Formulation of the claim
Old exegesis turns interpretive discourse into a continuous narrative that brings together the Qur’an and memory.
Explanation
This claim means that exegesis, in its older form, does not stop at explaining the immediate meaning of the text, but builds around it a narrative system that links the verses to what has accumulated in religious memory from reports and transmitted accounts. In this way, the text becomes part of a broader story in which reading, memorization, circulation, and interpretation are connected.
From Arkoun’s perspective, the importance of this shift lies in the fact that it reveals how meaning operates within the exegetical tradition as a continuous construction rather than a mere partial explanation. The interpretive narrative here is not an external ornament added to the text, but a way of integrating it into a historical and mental horizon that ensures its persistence within religious consciousness.

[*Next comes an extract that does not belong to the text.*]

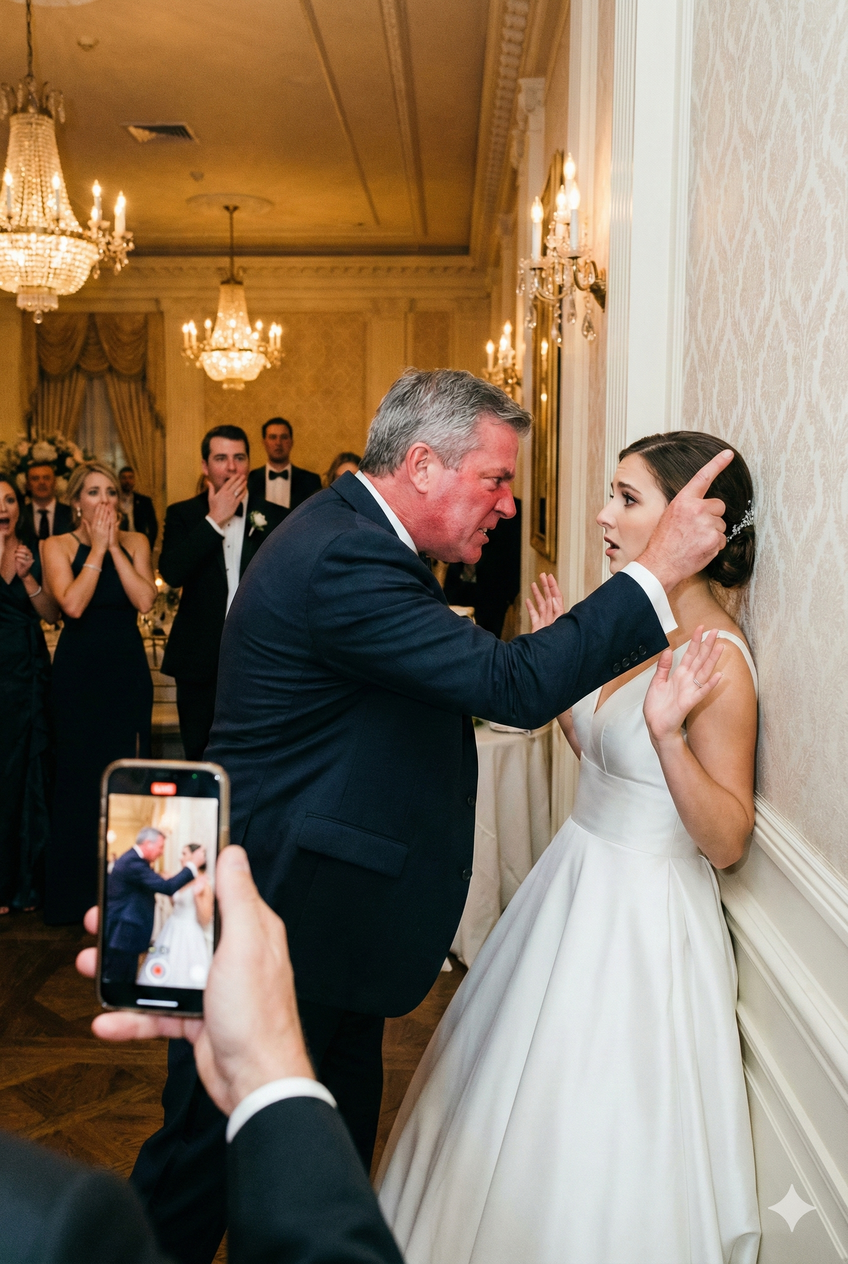I stopped a few feet from the bridal table, directly in front of my father. His smile was fixed, but his eyes were cold, swimming with bourbon.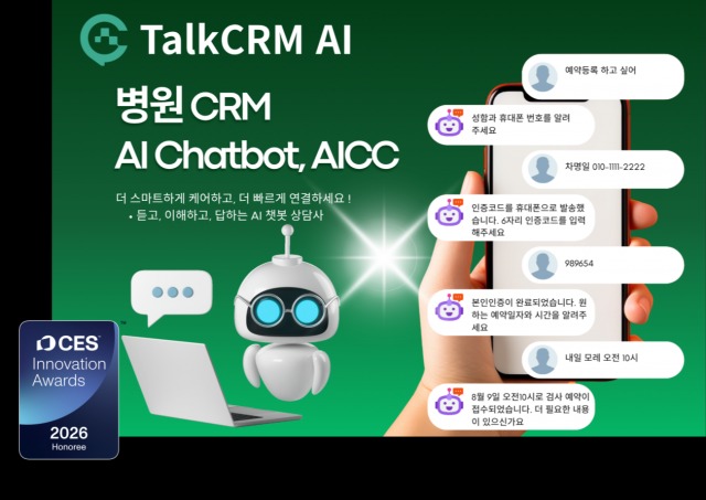 CES 혁신상은 미국소비자기술협회(CTA)가 매년 주최하는 권위 있는 시상식으로, 뛰어난 기술력과 디자인을 갖춘 제품을 선정해 시상한다. ‘TalkCRM AI’는 AI 기술을 의료 산업에 접목해 병원 운영 효율성을 극대화하고 환자 경험을 혁신한 공로를 인정받아 ‘인공지능’ 부문에서 수상의 영예를 안았다.

Its place in the book’s argument
This atom falls within Arkoun’s critique of the mechanisms by which meaning is formed in the Islamic tradition, where he attends to the way old exegesis shaped the relationship between the Qur’an, oral circulation, and collective memory. It comes close to the book’s theses that distinguish between the text as it is read within a closed traditional structure and the text as it can be studied within the history of the formation of religious discourse.
Limits of the claim
This atom does not mean that all old exegesis is identical in its methods or results, nor does it deny the existence of differences among exegetes and schools. It does not reduce exegesis as a whole to a single narrative, but points to a general tendency that Arkoun observed in the shaping of meaning within a continuous narrative framework.